The Warren City Council approved a $367,786 budget amendment for six drone docks and a $1,709,942.66 five‑year contract for drones, docks and services after staff and vendors described capability, safety features and maintenance plans amid questions about privacy, lifespan and program scope.

Warren — The City of Warren voted Jan. 27 to fund a multi‑year public‑safety drone program that includes six rooftop drone docks and a five‑year purchase and service agreement for drones, software and installation totaling $1,709,942.66, plus a separate $367,786 budget amendment to cover immediate docking‑station purchases and installation.

Council members and staff said the technology is intended as a shared public‑safety asset for police and fire, not for routine surveillance. A city representative described the docks as a way to reduce launch/recovery workload and increase availability by placing six docks around the city while retaining five field‑deployable drones for longer missions, yielding roughly 11 total drones available to respond to incidents. Vendor and department representatives said the docks automate launch and recovery and that FAA waivers and operational rules guide missions.

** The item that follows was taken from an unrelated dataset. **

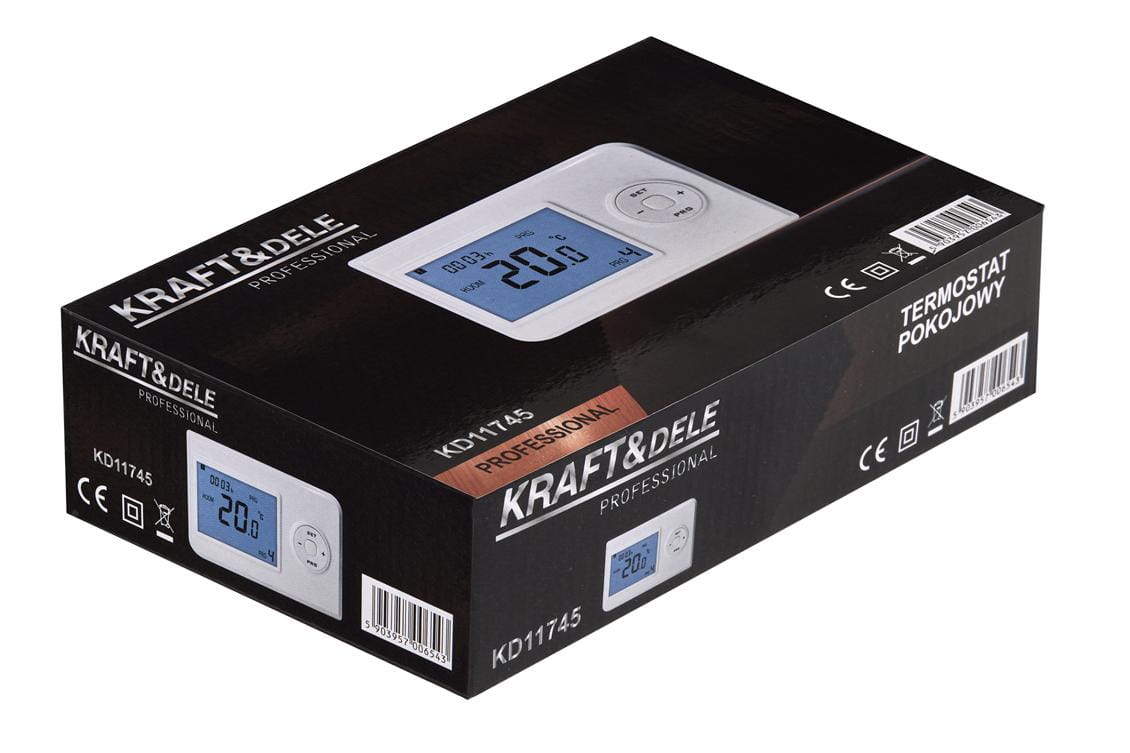 KD11745 to natynkowy termostat radiowy marki Kraft&Dele przeznaczony do bezprzewodowego sterowania elektrycznymi i konwencjonalnymi systemami grzewczymi. Urządzenie pracuje na zasilaniu bateryjnym i komunikuje się z kompaktowym odbiornikiem montowanym przy źródle ciepła, co eliminuje konieczność prowadzenia dodatkowego okablowania.

At the council meeting, a Skydio solution engineer, Dave DeRosa, told the council the drones’ usable hardware life is roughly three years but that the vendor program includes quarterly inspection and automatic replacement of wearable components and batteries as those parts reach lifecycle thresholds. "Once we see the drones start to hit roughly 300 charge cycles, they automatically signal our team to start sending new hardware back out to the team," DeRosa said.

Warren public‑safety speakers emphasized limits on data collection. A department representative told council, "They do not use facial recognition. They do not listen to conversations. They do not capture audio," and said video footage would be stored in a secure evidence vault with limited retention. Officials said drones would not be used for random, untargeted surveillance but would fly for documented public‑safety purposes and calls for service.

Several council members voiced concerns about privacy, the pace of technological change, and lifecycle cost. Councilman Noonan said the overall program price — described in debate as "a little more than $2 million" when combined with the docking amendment — prompted "sticker shock," and asked whether buying everything now risked rapid obsolescence. Staff and vendor representatives said the five‑year contract includes software updates, warranty service, and scheduled hardware refreshes to mitigate obsolescence and noted prior operational metrics showing drones often arrive on scene faster than ground units.

Council members asked for measurable goals. Officials said operators complete a drone‑outcome report for each mission and that the city is tracking response‑time improvements and instances when the drone clears a call without a ground response. Department staff agreed to formalize longer‑term metrics and reporting.

On voice votes, the council approved the $367,786 amendment for drone docks and then approved the five‑year purchase and service contract; Councilman Noonan voted against the acquisition motions. The council discussion emphasized the program’s safety benefits for officers and the potential to locate missing persons in severe weather using thermal imaging, balanced against privacy and budget concerns.

The council also asked staff to produce documentation on operations, retention policies, and performance metrics to present to council and the public as the program proceeds.